Description of the task — For the material below, return exactly the lines starting at the line containing "Deze wollen geruite" and ending at the line containing "Sul retro dello", both ends included, and no others.

Data —

☆ ☆ ☆ ☆

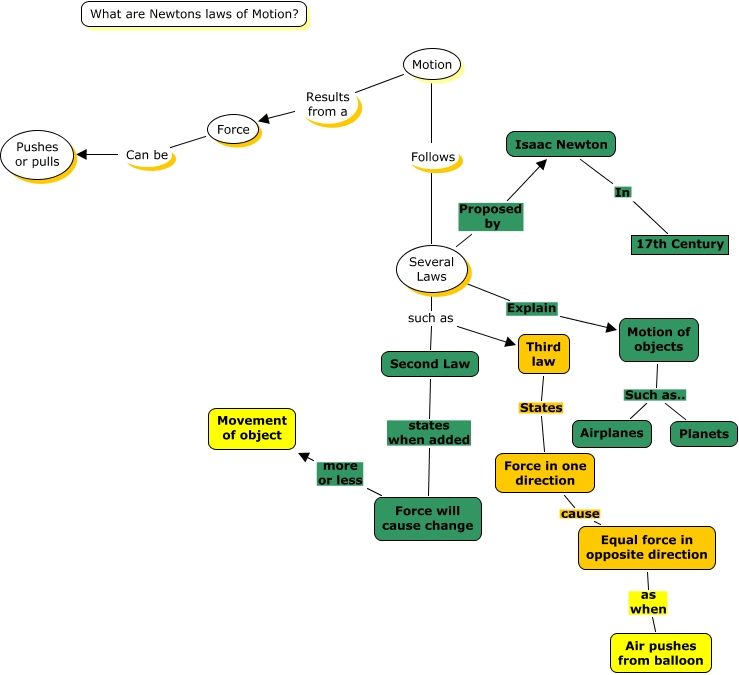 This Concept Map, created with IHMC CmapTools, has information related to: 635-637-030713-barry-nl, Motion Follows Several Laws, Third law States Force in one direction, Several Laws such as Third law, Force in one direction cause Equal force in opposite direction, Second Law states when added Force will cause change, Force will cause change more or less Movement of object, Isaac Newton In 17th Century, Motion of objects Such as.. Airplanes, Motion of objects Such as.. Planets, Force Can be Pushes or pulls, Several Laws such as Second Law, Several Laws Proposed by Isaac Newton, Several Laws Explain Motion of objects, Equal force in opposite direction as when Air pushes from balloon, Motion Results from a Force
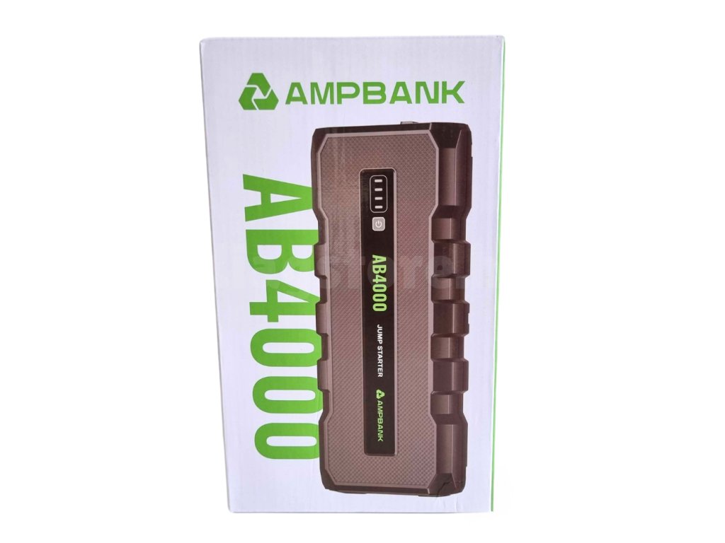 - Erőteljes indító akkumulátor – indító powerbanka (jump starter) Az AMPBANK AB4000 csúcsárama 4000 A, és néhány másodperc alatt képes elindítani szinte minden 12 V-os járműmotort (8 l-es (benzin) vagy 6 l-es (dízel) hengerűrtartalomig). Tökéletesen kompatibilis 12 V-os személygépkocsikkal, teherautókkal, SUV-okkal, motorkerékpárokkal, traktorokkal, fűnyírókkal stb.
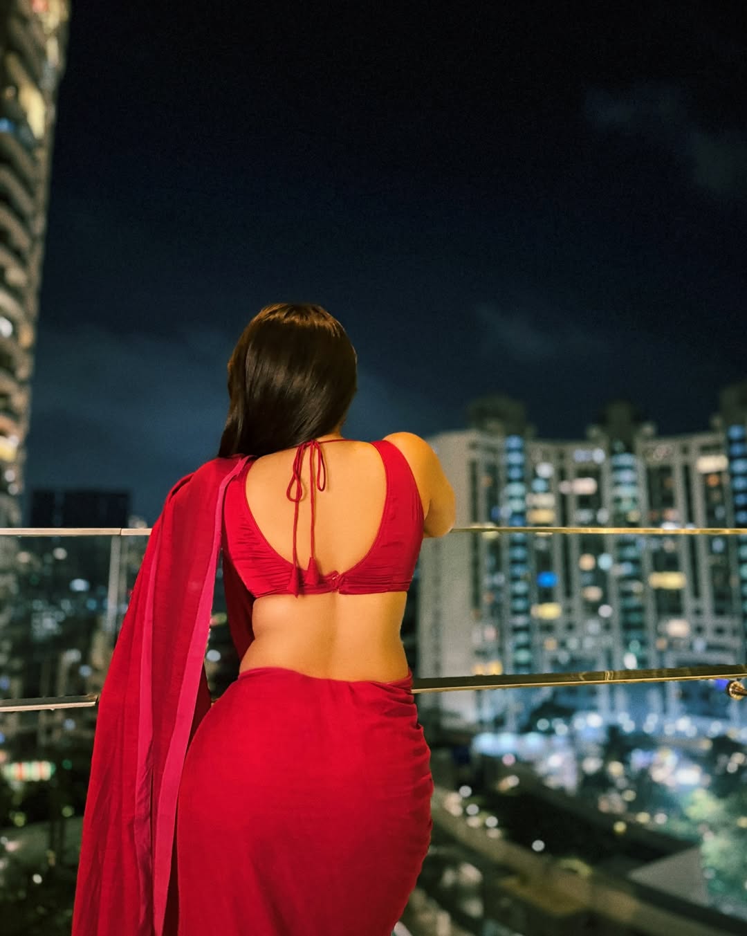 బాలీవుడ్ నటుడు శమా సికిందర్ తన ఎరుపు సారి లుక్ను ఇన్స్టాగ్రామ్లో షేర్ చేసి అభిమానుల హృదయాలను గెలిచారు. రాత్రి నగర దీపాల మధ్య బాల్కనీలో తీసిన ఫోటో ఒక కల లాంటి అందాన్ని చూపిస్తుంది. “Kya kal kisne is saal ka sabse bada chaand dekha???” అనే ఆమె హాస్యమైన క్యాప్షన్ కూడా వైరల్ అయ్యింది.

☆ ☆ ☆ ☆

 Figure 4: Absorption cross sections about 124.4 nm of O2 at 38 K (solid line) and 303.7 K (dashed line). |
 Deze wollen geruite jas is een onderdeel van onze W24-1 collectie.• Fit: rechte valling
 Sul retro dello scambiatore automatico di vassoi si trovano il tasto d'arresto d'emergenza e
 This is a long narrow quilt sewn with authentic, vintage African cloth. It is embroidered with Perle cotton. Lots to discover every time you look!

☆ ☆ ☆ ☆

Response to this task —
 Deze wollen geruite jas is een onderdeel van onze W24-1 collectie.• Fit: rechte valling
 Sul retro dello scambiatore automatico di vassoi si trovano il tasto d'arresto d'emergenza e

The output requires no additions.